Mas eles se esquecem das resistência, das subversões, das revoluções…

Porque a gente não quer que o mundo acabe, mas ele insiste em continuar ameaçando acabar. Mas não se esqueçam: o Bendegó sobreviveu. O meteorito que beijou essa terra em seu pedacinho mais doce de chão, vindo sei lá de qual rincão do infinito céu para cair no sertão da brasileira Bahia e depois ser transposto à capital da época para ser exposto desde então. Foi encontrado pelo menino Berdinadino da Motta Botelho, em 1784, que dizem ter exclamado “Ôxi!” ao ver o pedrão de cinco toneladas.
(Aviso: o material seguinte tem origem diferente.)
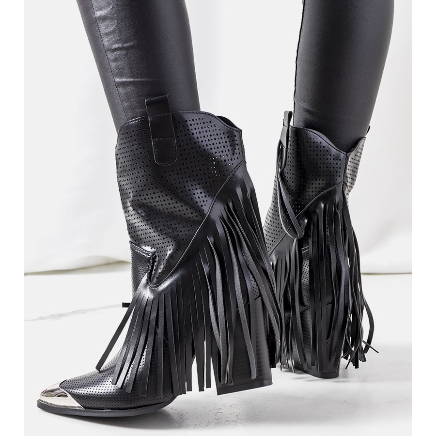 Made with comfort in mind, these models are made of high-quality ecological leather, which is not only environmentally friendly, but also guarantees comfort even when worn for a long time. Their cut styled like American cowboy boots will provide an original look - the fringes add movement, and the pointed metal toe sophisticatedly accentuates this extremely popular aesthetic.
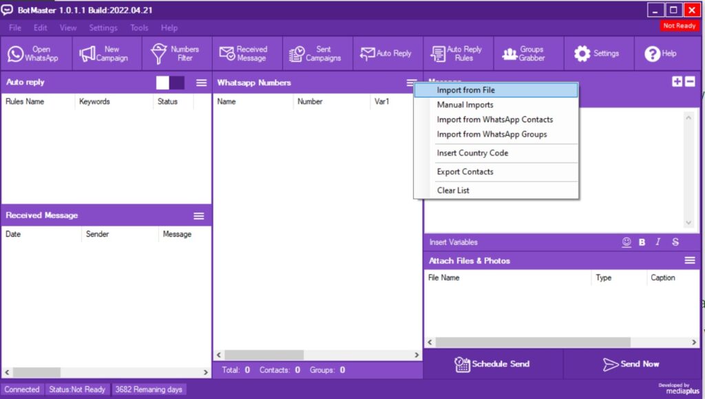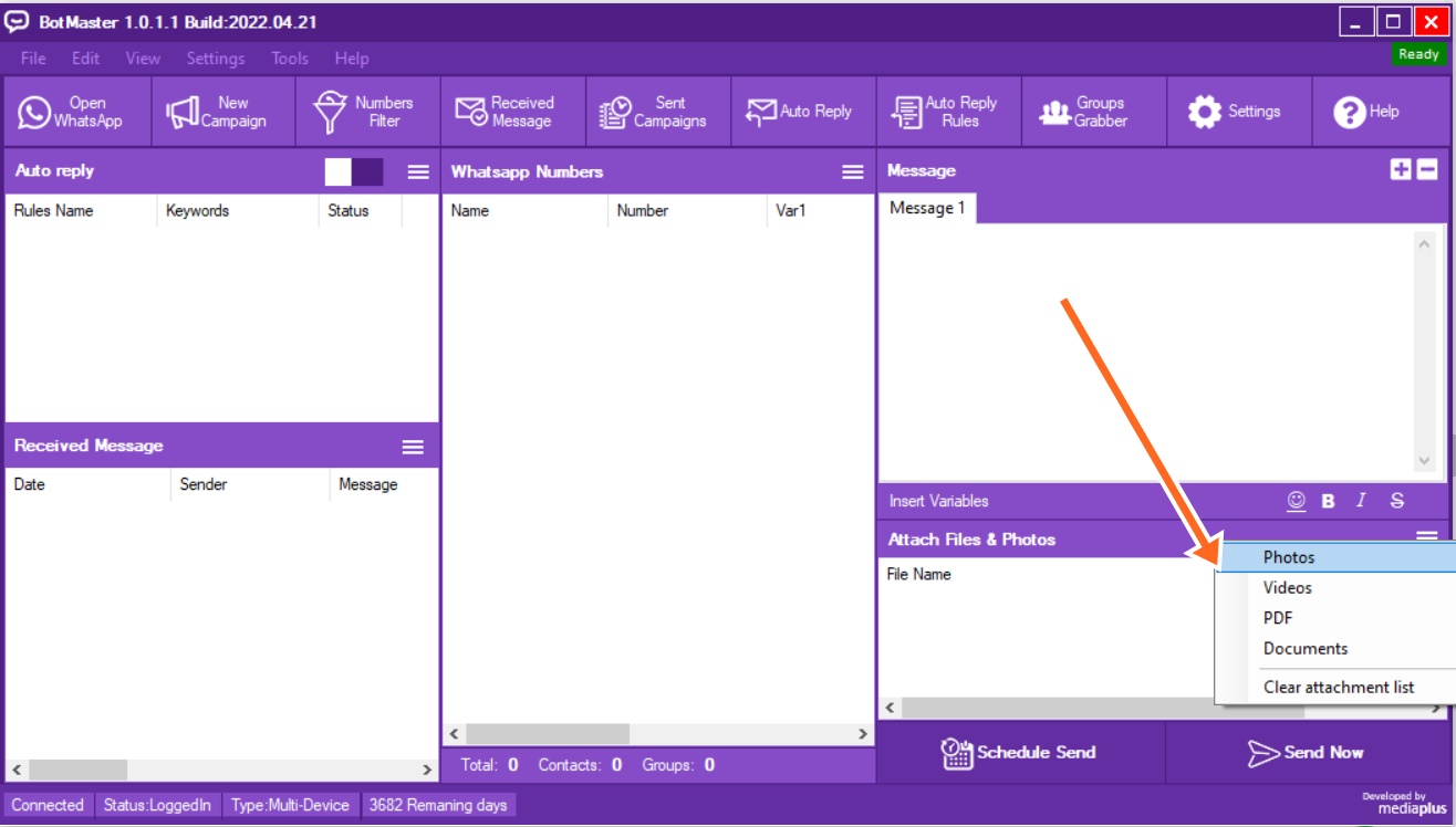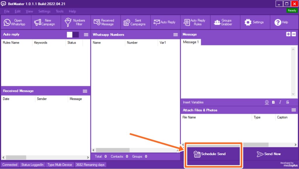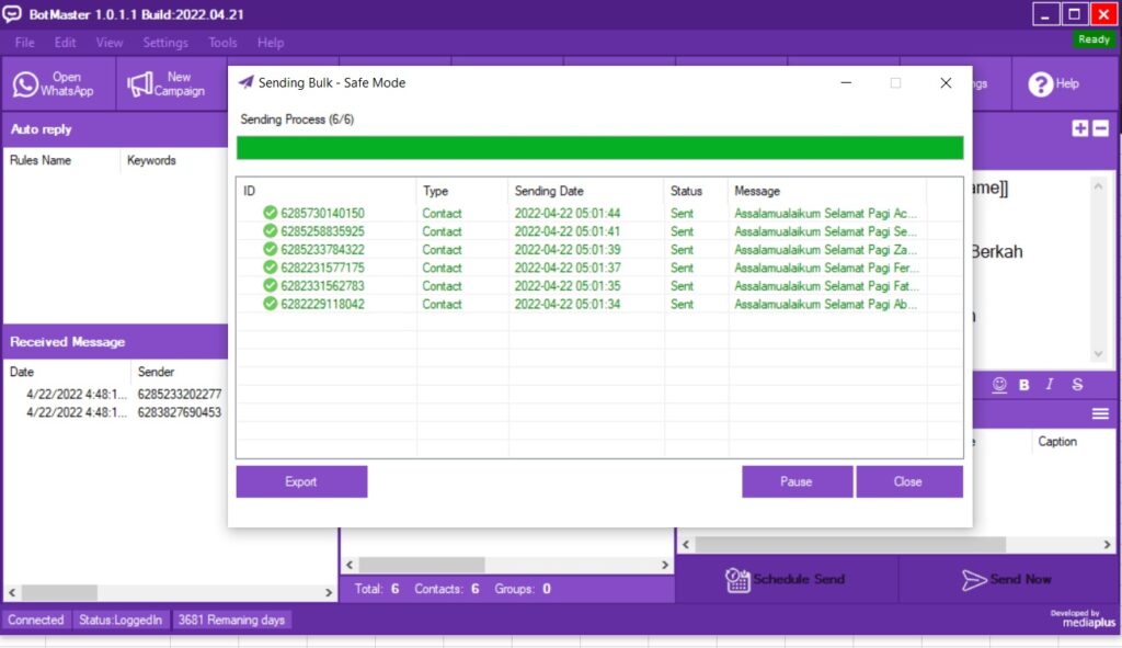 Mengirim pesan WhatsApp sebanyak yang Anda inginkan hanya dengan beberapa klik, dengan fitur multi pesan dan kontrol pengiriman super lengkap.

As pedras resistem. Sejamos pedras então. Resistir é uma forma de existir, e Gal nos ensinou que “é preciso estar atento e forte. Não temos tempo de temer a morte” – não temos tempo a nenhum temer. O mundo é muito mais do que homens de mãos pequenas. Ontem vi, na seção de uma mostra de cinema negro, no fabuloso Odeon, na praça da Cinelândia, uma menina com a camiseta: “Quem não luta, está morto”. Disseram, no ato do dia seguinte ao incêndio, na mesma praça da Cinelândia, que a primeira mulher do Brasil havia sido queimada nesse incêndio. Referiam-se a Luzia, o fóssil humano mais antigo encontrado nas Américas, nas terras do Pará. 13 mil anos depois, datação aproximada de Luzia, mulheres negras ainda são encontradas mortas, assassinadas, nesse sítio “de bruteza antiga e natural” que é o nosso, como descrito pelo padre Antonio Vieira no século XVII. “Sou eu queimando na fogueira do pecado” – grita Ava Rocha em 2018, Eva de um novo Gênesis, sem pecado, Deusa na Terra do Sol, no clipe de sua música Joana Dark. No céu da tarde de ontem nasceu um arco-íris. E o diabo é que vá par’os diabos!